Supporting a diverse array of applications
With O/D Analysis, the sky is truly the limit when it comes to mobility analysis. The solution provides valuable insights that can be applied across a range of sectors, from urban planning and traffic management to geomarketing and retail.
Urban planners and municipalities can harness O/D Analysis to map the most-used routes and study traffic flow between popular points of interest, building a better understanding of how people move and shaping smarter mobility options in response.
Consider a county government, who wants to modernize its network of bridges while minimizing impact on road users. With O/D Analysis, it’s possible to see how much traffic travels over each bridge in the county and draw up a plan of works that targets the least-used bridges for maintenance first, to reduce traffic disruption.
The analysis might reveal that 20% of all trips throughout the county pass over one main bridge. The government can phase infrastructure works to ensure that nearby bridges are left open when maintenance happens on this main bridge, so that traffic doesn’t increase exponentially, and drivers don’t need to make long detours.

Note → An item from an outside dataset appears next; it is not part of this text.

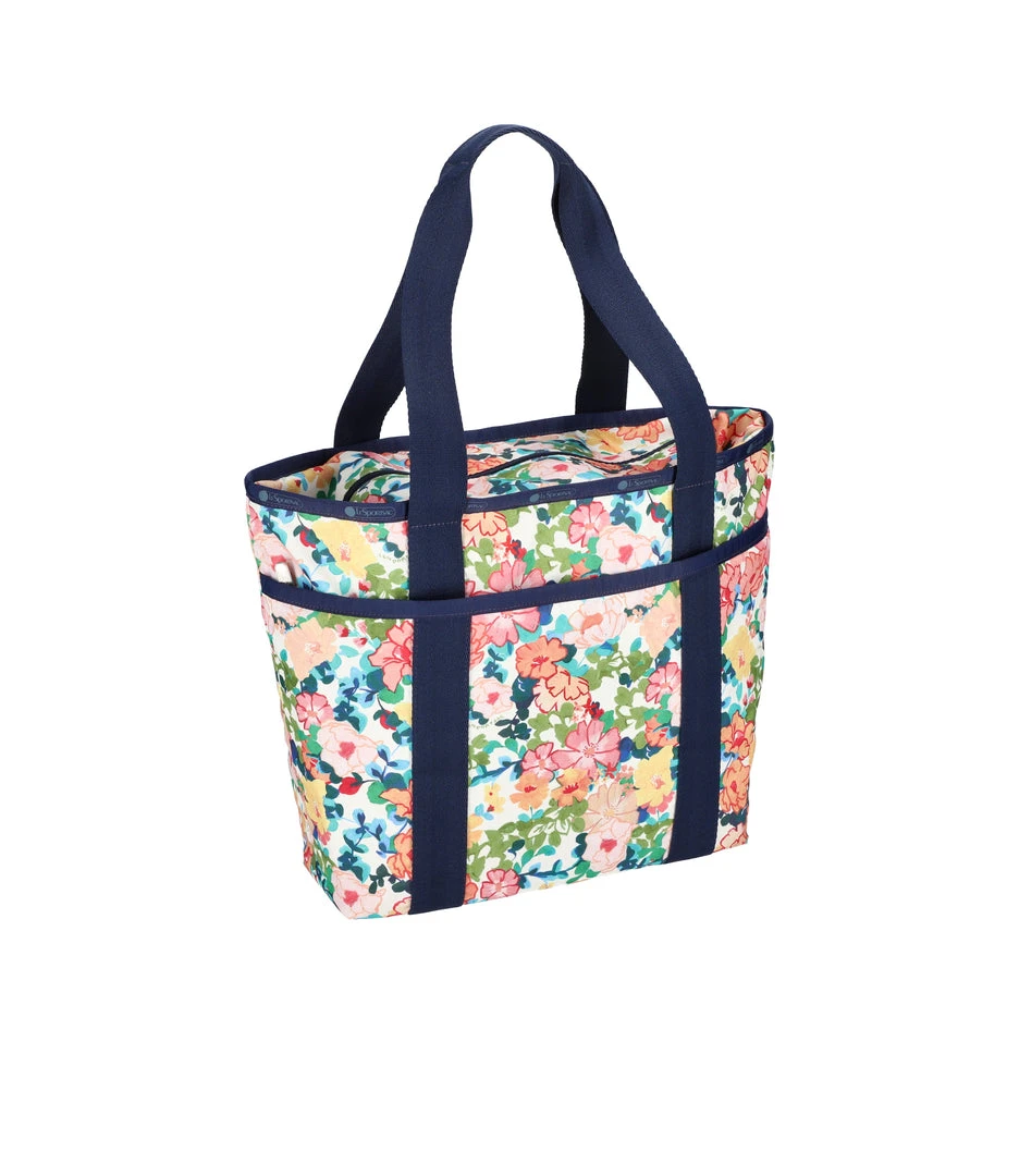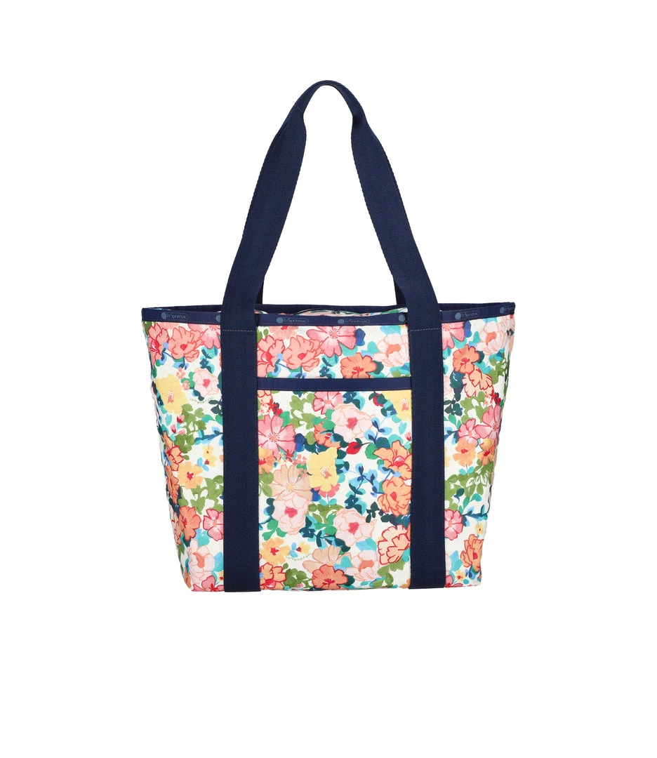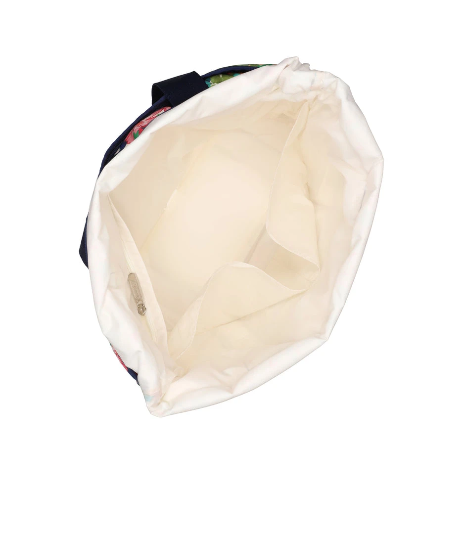 Zip top main closure, Top zipper gusset can be expanded upward for extra interior room (which adds 2in/5.1cm of vertical space), Exterior front small open pocket for phone, Exterior back full-length zip pocket, Two interior front wall open pockets, Interior back wall zip pocket, 1.5in/3.8cm wide pinched top handles (Drop: 11in/27.94cm, Length: 26.37in/67 cm)

What’s more, an advertising agency could use the same insight to determine the best location for a new outdoor campaign. It would be ideal to place banners on the bridge with the most appropriate traffic, ensuring that the campaign reaches the best audience.
This is just a small glimpse into the vast potential of O/D Analysis. Offering an impressive breadth and depth of analytical power and insight, TomTom’s solution holds huge power for improving the way we all move.
“Out of all TomTom’s Traffic Analytics tools, O/D Analysis probably is the most complex in terms of what it offers users,” concludes Kamil Nowacki. “It’s a sandbox where people are free to explore mobility data in many different ways and reveal interesting patterns of movement in the process.”